Traditional cinematic fare, much of the time, feels a little sterile. Sure, there are the occasional outliers, the films that eschew whichever convention and are the stronger for it, but there’s also a reason why so many risk-averse films end up at the multiplex and pull in bushels of money: when it is done well, the formula works.

So, you might say that good movies do boring things well and great movies do interesting things well. It stands to reason, then, that the reverse is also true. Bad movies do boring things poorly, and horrible movies do interesting things poorly. Guess which category Excess Flesh, a horror film about eating disorders, falls into.

First, credit where it is due. There are moments in this film that are just revolting, and it’s not like the filmmakers broke the bank to pull them off. Success? And some credit, too, to the creative team for trying to do something new. No risk, no reward. No reward in this case either, mind you, but the adage stands.

The briefest of synopses before moving on: Jill (Bethany Orr) is jealous of her roommate Jennifer (Mary Loveless), because Jennifer can seemingly eat and drink whatever she wants and yet stay trim and bag herself a man at will. When Jennifer’s attentions turn to Rob (Wes McGee), Jill starts to lose it, and sets out to have her revenge on her friend.

Let’s be brief: this film is easy to hate. The acting is poor, the dialogue is poor, the plot is dull, and it’s just gross. To be fair, that last bit is largely the idea. The point of having multiple people binge-eating disgusting food and then acting like horrible monster is to be gross. But there are limits. There’s a point at which the grossness is just off-putting, and in this film, we arrive there almost immediately.

It’s not just the food. The characters are just as repugnant as the mountains of food they shove down their faces, and there is no refuge. We are trapped in this forsaken hole with these awful people and nothing to sustain us but images of gummy worms and half-eaten bags of chips. It’s unpleasant, and the kind of thing to incite a sudden interest in the ticking of a nearby clock.

Future filmmakers, take heed: Make whatever point you want, but if you do it in a way that people don’t want to watch, you’re not exactly making the most of your chosen medium.

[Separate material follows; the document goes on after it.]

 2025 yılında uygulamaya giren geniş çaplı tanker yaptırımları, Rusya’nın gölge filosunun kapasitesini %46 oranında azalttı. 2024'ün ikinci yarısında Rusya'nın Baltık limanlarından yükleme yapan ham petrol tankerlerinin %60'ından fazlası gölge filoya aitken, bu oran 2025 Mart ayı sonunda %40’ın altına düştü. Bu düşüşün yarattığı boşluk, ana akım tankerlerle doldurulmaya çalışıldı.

Tonally, there is zero consistency to this film. Emotionally, characters are all over the place. Their motivations are never quite clear, and it’s a reliable bet that whatever is going on, it doesn’t really make sense. This is one of those “because the script said so” movies, and there’s very little effort put in to make us believe.

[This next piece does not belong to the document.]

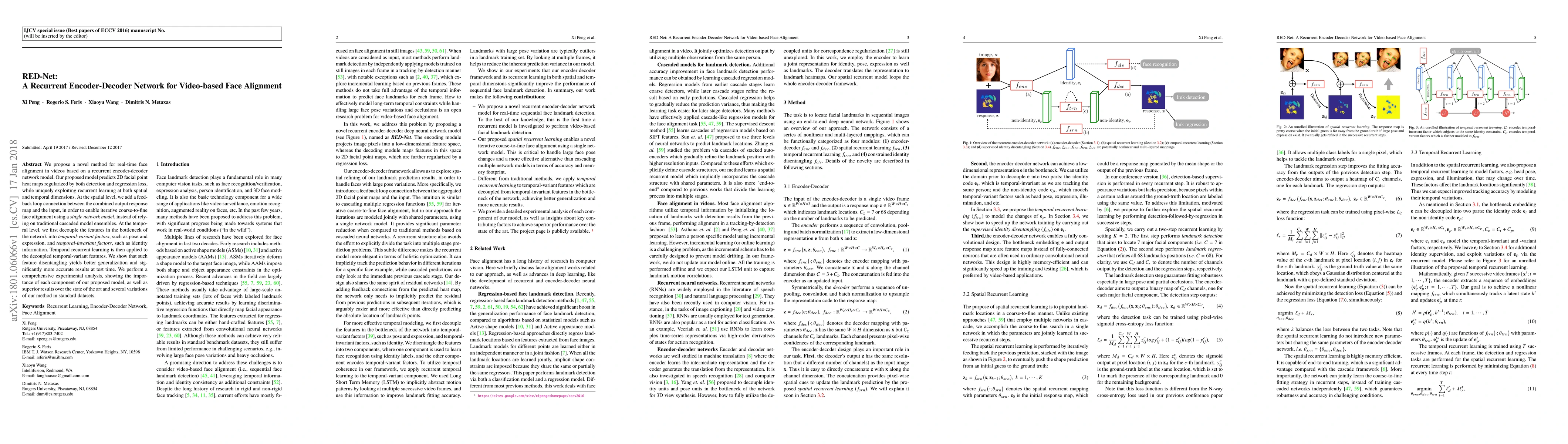 A new video-based face alignment method uses a recurrent encoder-decoder network to predict 2D facial point heat maps with improved accuracy and efficiency. This approach decouples features into temporal-variant and -invariant factors, leading to better generalization and results.

There’s a “twist,” but it’s as lazy as the rest of the film, and if you’re not able to spot it coming within the first few minutes, it’s probably because you fell asleep. It’s cheap, and that’s aggravating, because twists for their own sake are worthless. You need to be surprised, or at the very least care that the characters are surprised. But how can we care when it doesn’t feel like anyone making the film did?

This is a young team of creative people, and it’s very possible that they have something good in them. But this is not that thing. This feels lazy and uninspired, and the chances it dares to take are ruined by the fact that the execution is so poor. Whatever your feelings on indie horror, this is one to avoid.